Prefab 'solutions' sprout as councils forget past levy loot

Prefabs

Mark Keenan

"I lost Ellen 25 years ago. But to me she's still here. All my memories are in this place. Every little detail. It might sound strange but if they demolish this place they demolish me as well."

Eddie O'Mahony, a 91-year-old widower was speaking to the Daily Telegraph in 2012 from the living room of his "temporary" prefab house in the Catford estate in Lewisham, London that he moved into in 1946. At the time of the interview, the Catford prefab estate was once again under threat of demolition by the local council which had pushed for its clearance a number of times since the 1950s.

The widower talked about being demobbed from the war in 1946 to find his young wife and their six-month-old baby living in one damp room. Amidst the UK's post war housing crisis the council official took them to a busy construction site.

At this new home scheme, their new dwelling was listed in the brochure as "The Excalibur." As they walked towards it the official asked in a tone that was also half a warning and half an apology: "You know it's a prefab?"

Eddie recalled how his heart sank. He told the Telegraph: "I wanted a real house. I'd had enough of living in Nissen huts and tents."

Catford was part of the 150,000 unit plus prefab building drive which took place right after the war at the behest of Churchill under his Housing (Temporary Accommodation Act) 1944.

Built in corrugated metal, precast concrete and asbestos, they usually spanned 600 sq ft to 1000 sq ft in size and most had two or three bedrooms.

The "Airoh" type was built entirely on a line that had made aircraft and it arrived complete (including curtains) on the back of a lorry. The factory turned out one Airoh prefab home every 12 minutes.

It had a fridge and kitchen set that folded into a wall and former British Labour leader Neil Kinnock, who was raised in one, recalled later: "It seemed like living in a space ship."

Until 20 years ago - that is 50 years after their construction - most of the "temporary" prefab homes built across the UK post-war were still standing and acting as social housing for councils.

It is ironic that the only reason the prefabs estates are now under threat of demolition today is that the low density sites which included sizeable gardens to grow vegetables, keep chickens and make them enormously profitable to redevelop today.

Even so, today there are still a few thousand UK post-war "temporary" prefabs standing - 70 years later with the result that they are now being listed as buildings of historic importance.

The international history of prefab housing shows that "temporary homes" erected in a housing crisis nearly always remain standing long after their intended life span.

And because the construction is not designed to last, they often (but not always) end up being sub standard for human accommodation. Despite their sentimental affiliations to their homes Catford residents widely report bitter cold from wafer-thin walls and widespread damp and rot throughout their homes.

In Ireland, our experience with "temporary" prefab buildings came in education and the 30-year-old prefabs which had become health hazards in schools by the early Tiger years. Built in the 1970s to provide temporary classrooms for that decade's population spurt, they were still standing three decades later with leaky roofs, freezing conditions inside, mould and holes in the floor.

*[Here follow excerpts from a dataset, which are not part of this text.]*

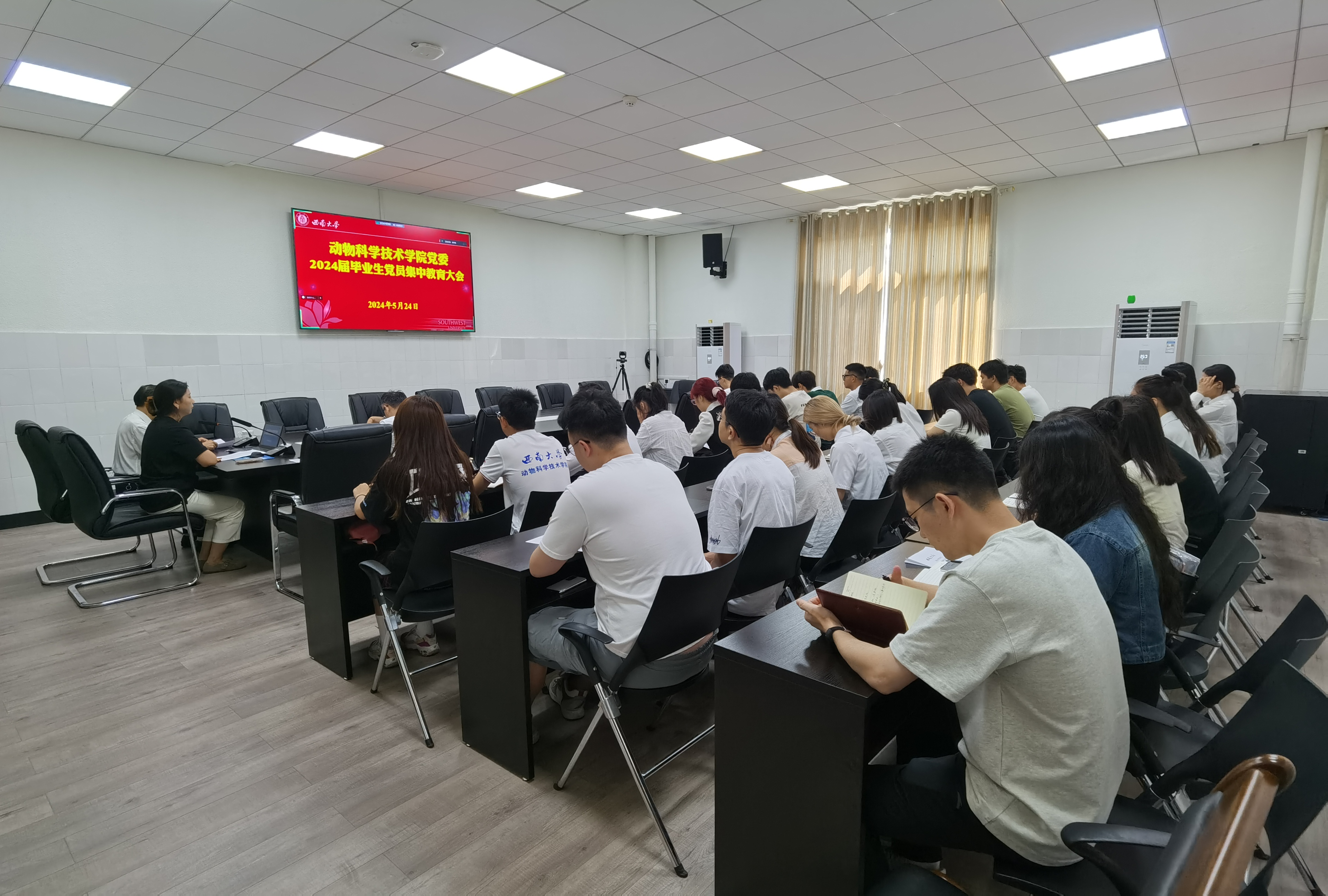 為一步強化畢業生黨員教育,激勵畢業生黨員堅定理想信念,牢記黨員身份,動物科學技術學院黨委于5月24日上午分榮昌、北碚兩個會場同步視頻召開2024屆畢業生黨員集中教育大會。學院黨委副書記、紀委書記文武,全體學生黨支部書記及2024屆畢業生黨員參加了會議。會議由畢業生輔導員彭香主持。
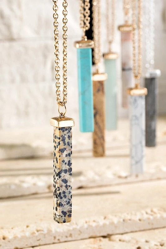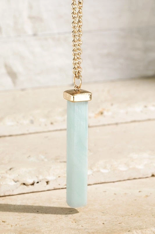 This gorgeous pendant is available in a beautiful amazonite stone color. Featuring a semi-precious stone bar pendant with lobster closure in a long necklace style.
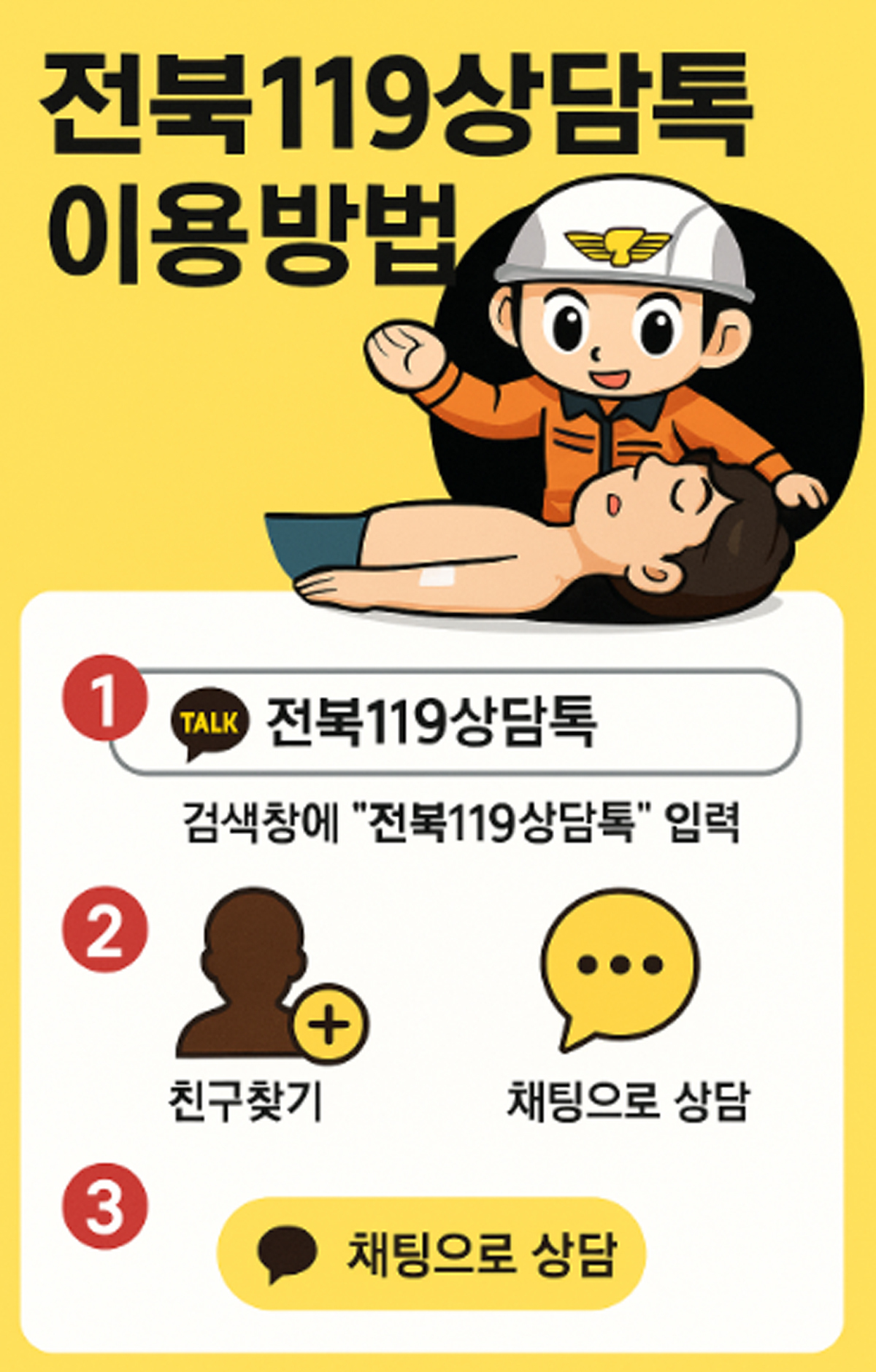 ‘전북 119상담톡’은 카카오톡에서 채널명 ‘전북 119상담톡’을 검색해 친구 추가 후 채팅으로 이용할 수 있다. 병의원 안내, 응급처치 상담, 구급차 출동 요청까지 가능해 기존 음성 기반 신고가 어려운 청각·언어장애인 2만3000여명이 직접적인 혜택을 볼 것으로 기대된다.

Our history of "temporary" housing includes the Mosney refugee centre where the Government signed a five-year deal with the owners back in 2000 to turn small holiday "villas" into temporary refugee housing. Residents are still there 14 years later and recently one resident told the Sunday Indpendent that they'd be "better off in Mountjoy."

The lesson we learn from Catford and Mosney is that temporary accommodation to solve a housing crisis is a particularly dangerous concept, precisely because the homes hang around for decades.

In the meantime they let councils off the hook. During the week Dublin City Council's head of housing Dick Brady became the first to broach the "P" word, stating that his Council was "seriously looking" at building prefabs as a temporary measure to house the 156 families with 341 children currently being put up in hotels at an expected cost of around €5m this year.

Would he consider that this figure equates to just 10pc of the total development levies taken by his council (€51.6m) from builders, as per unit development levies in 2007, the peak year of the boom. The 2006 levy total was €51.3m and the 2005 take was €42.7m.

It means that the cash raised in every single one of those years Dublin City Council could have bought a €270,000 home outright for each and every one of those 156 homeless families today living in hotels. Where did that money go guys?